I suppose that's good that it means there's probably a version issue. I have the following out of Git for typst-ts-mode
Head: main feat: Typst v0.9.0
Merge: origin/main feat: Typst v0.9.0
Recent commits
39a9e63 main origin/main feat: Typst v0.9.0
bbac54c doc: update README
4c26bf9 doc: update README
86492f0 doc: update README
5ff1b21 fix(compilation + watch) error regexp error
004ec93 fix: `typst-ts-markup-header-scale` custom setting function error
9d1adbc feat: adopt update stream parser syntax change and add dynamic height for headers
439deb4 fix(preview): open non-english character file name
ea69e2f fix: don't indent content inside raw block
b16762c doc: README
The tree-sitter grammar bundle I have downloaded is 0.12.77 it appears. I'll update that and at least bring everything in-line. Perhaps there's been a more recent update to tree-sitter-typst
that I'm missing.
Took a little bit to find the language function, but after doing: (treesit-language-abi-version 'typst)

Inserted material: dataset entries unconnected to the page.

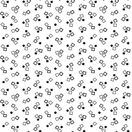 This fabric features a sophisticated white on white double border design, adorned with a scattered pattern of small, black squares and clusters of squares. The design creates a visually interesting texture that is both modern and classic, making it versatile for various sewing projects. Ideal for both B2B and B2C customers looking for a subtle yet stylish fabric, this cotton material offers excellent durability and comfort.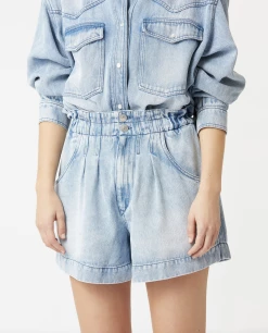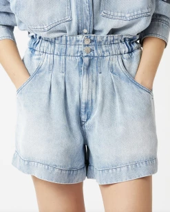 The Isabel Marant Teresa Shorts in Light Blue. A highwaisted short featuring button and zip closure.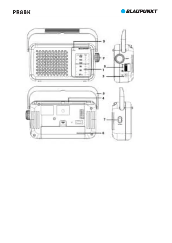 1- Skala frekvencije, 2- Tipka za podešavanje, 3- Utičnica za slušalice, 4- Antena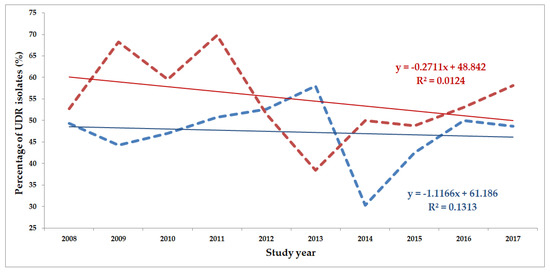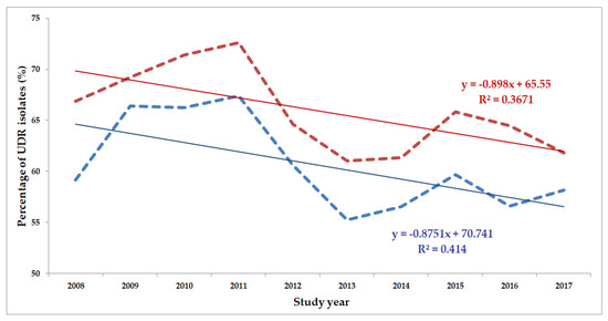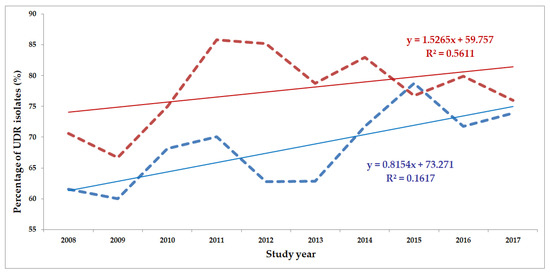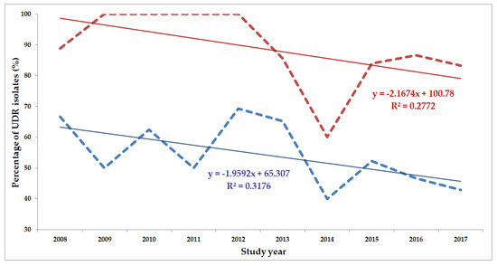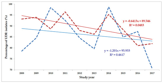 Statistical analyses, including the descriptive analysis and statistical tests (Student’s t-test and Mann–Whitney U test) were performed with the SPSS software version 24 (IBM SPSS Statistics for Windows 24.0, IBM Corp., Armonk, NY, USA). The normality of variables was tested using Shapiro–Wilk tests. A correlation analysis was also performed with the aim of assessing the temporal nature of changes in the ratio of UDR isolates during the study period; the coefficient of determination (R2) was also calculated. These analyses were performed using the Past 3.16 statistical software (Paleontological Museum, University of Oslo; Oslo, Norway). p values <0.05 were considered statistically significant.

I get 13 (#o15, #xd, ?\C-m)
so I think I'm at version 13. I"m grabbing the version 0.12.81 and see if that improves things..
Okay, I have updated everything. The tree-sitter grammar is still at 13 and typst-ts-mode is as listed above at 0.9.0 with the last commit of 39a9e63. However I have discovered something new..
That code snippet placed into a NEW file properly parses! Whatever has happened, happened earlier to throw off the lexing. I am now in a process of copying over bits of the document and trying to figure out exactly where the first error appears. Will update as soon as I can.
That was relatively quick. I have found the issue though I do not know what the formal rule is. So I had previously:
#set list ( blah, blah, blah) // One space between list and (
This is correct Typst grammar, at least according to Typst itself both the website app and the standalone build. HOWEVER, both the website app and the tree-sitter grammar do not lex if there is a space. It very much wants it to be:
#set list(blah, blah, blah) // No space between list and (
So, I have it fixed. However the language specification does appear to permit a space between a function name and the parameters. It might be wise for either Typst to decide this is illegal, or for grammars to show correctly if there is a space.
Note you can use treesit-explore-mode
to get the tree sitter structure tree, then you can select some text to know the current node of the selected text. Also, describe-face
would be useful to let you know what exactly the text at point is parsed into what face in Emacs
Yep using that on #set list(foobar)
shows
(set set
(call item: (builtin)
... lots more
And when a space is inserted and I explore the lexing for #set list (foobar)
explore says:
(ERROR
(field
(lots more
So very much the grammar requires no space between function and parenthesis.
It seems that it would be nicer to add a ERROR face to avoid this problem. I will add to it later (I'm the author of the typst-ts-mode
). Thanks for sharing this problem.
That'll certainly make it easier to spot where things went wrong! I should have tried putting in snippets into a different document earlier to try to narrow down the issue. And yes, I noticed. I actually initially tried to contact you via the Sourcehut discussion but that repository is VERY OPINIONATED about emails and after I get a bounce, I kind of backburner contacting and rarely get back to it. Being able to easily put in formatting and screenshots does help a lot.
Still I think the actual issue is that there's a mismatch between what the tree-sitter grammar thinks is correct, and what Typst thinks is correct. If compilation failed, that's a natural corrective error.